Issues around immigration status and documentation in higher education inspired both undocumented students and their allies in Chicago to start a lobbying and advocacy campaign for the DREAM Act. The DREAM Act, if adopted would become part of comprehensive immigration reform. The Act would allow undocumented students the ability to go to colleges and universities with access to financial aid.
Thousands of students from schools across the country marched in a rally in Washington D.C. on March 20th to pressure Congress to pass the DREAM Act.

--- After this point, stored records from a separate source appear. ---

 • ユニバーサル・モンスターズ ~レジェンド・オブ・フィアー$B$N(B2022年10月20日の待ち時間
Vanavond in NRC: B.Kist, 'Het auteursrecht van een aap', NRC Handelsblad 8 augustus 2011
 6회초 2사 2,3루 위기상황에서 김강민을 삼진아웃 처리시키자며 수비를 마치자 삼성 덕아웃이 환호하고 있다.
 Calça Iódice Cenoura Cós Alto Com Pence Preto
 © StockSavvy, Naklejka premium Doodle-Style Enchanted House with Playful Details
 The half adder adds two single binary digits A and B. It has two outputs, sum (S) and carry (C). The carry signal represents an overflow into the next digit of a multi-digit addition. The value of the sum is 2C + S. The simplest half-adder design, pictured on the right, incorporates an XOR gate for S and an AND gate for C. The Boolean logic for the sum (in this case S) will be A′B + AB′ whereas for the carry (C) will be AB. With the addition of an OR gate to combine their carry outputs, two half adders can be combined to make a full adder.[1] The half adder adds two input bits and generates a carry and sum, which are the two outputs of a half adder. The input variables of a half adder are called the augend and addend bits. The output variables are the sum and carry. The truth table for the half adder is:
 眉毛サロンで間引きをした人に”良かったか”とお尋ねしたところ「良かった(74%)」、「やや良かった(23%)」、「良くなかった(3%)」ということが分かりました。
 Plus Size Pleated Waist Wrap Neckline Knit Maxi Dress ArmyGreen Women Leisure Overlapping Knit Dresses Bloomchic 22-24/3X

Race and class are still monster issues and not just in more conservative institutions. No matter how many nouveau self-proclaimed progressive liberals we keep turning out, spaces are still limited and microagressions (definition: people usually think of racism with a big bold red 'R' paired with burning crosses in the mud. But today, racism is commonly more insidious, less bold, more underhanded and most people when hit with today's racism are left standing thinking "What the hell just happened?") occur every day. Our increasing inability to talk about race and class in this country and in our schools and jumping straight to equally problematic models of egalitarianism and colorblindness is causing major tensions on college campuses. "Ghetto" themed parties or nooses hanging from quad trees may not seem like crosses burning in the mud-- but really, they might as well be.

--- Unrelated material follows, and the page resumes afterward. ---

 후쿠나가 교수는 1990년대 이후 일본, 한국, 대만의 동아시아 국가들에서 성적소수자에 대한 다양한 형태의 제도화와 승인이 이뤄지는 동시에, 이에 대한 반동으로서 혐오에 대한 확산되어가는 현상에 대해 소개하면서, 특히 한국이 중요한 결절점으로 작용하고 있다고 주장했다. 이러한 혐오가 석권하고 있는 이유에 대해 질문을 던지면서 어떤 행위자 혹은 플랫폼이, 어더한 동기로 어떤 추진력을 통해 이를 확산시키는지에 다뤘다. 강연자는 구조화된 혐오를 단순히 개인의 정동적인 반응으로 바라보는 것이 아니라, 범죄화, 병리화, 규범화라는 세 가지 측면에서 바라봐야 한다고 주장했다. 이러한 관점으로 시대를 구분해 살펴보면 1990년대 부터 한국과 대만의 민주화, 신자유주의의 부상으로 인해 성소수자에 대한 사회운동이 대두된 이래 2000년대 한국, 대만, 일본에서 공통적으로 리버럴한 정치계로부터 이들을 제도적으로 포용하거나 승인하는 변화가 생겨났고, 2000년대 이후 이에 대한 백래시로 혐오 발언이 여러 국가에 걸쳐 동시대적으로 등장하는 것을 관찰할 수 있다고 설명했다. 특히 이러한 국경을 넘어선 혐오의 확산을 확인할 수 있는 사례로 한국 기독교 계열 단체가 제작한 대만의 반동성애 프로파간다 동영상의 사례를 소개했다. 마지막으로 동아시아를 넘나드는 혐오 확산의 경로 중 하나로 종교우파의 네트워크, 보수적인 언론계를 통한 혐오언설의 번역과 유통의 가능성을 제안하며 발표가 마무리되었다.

Our dominant model of multiculturalism with it's "happy, happy let's hold hands, dish out colorful food, fun and festivities and pretend that we're not struggling, pretend that we're not being tokenized, pretend that we're not being appropriated" vision of society and cultural space is not the way to transformative change. Multiculturalism and it's post-modern heir "color blindness" has divided communities of color on a national level, but particularly in the microcosm that are institutions of higher learning. Students from under represented communities (communities of color, queer and working class communities) struggle to effectively work together and form proactive coalitions against systems of institutionalized oppression from curriculum and pedagogy all the way down to student groups and organizing.

College campuses in the U.S. have historically been sites for social action and change. Students have marched, protested, organized and mobilized in the thousands against war, racism, sexism and labor among a litany of other social justice issues.

But this isn't 1968, this is 2010 and college students are (hopefully) gearing up and ready for a fight.



(1)About 10.4% of the entire African-American male population in the United States aged 25 to 29 is incarcerated, by far the largest racial or ethnic group—by comparison, 2.4% of Hispanic men and 1.2% of white men in that same age group were incarcerated. According to a report by the Justice Policy Institute in 2002, the number of black men in prison has grown to five times the rate it was twenty years ago. Today, more African-American men are in jail than in college. In 2000 there were 791,600 black men in prison and 603,032 enrolled in college. In 1980, there were 143,000 black men in prison and 463,700 enrolled in college.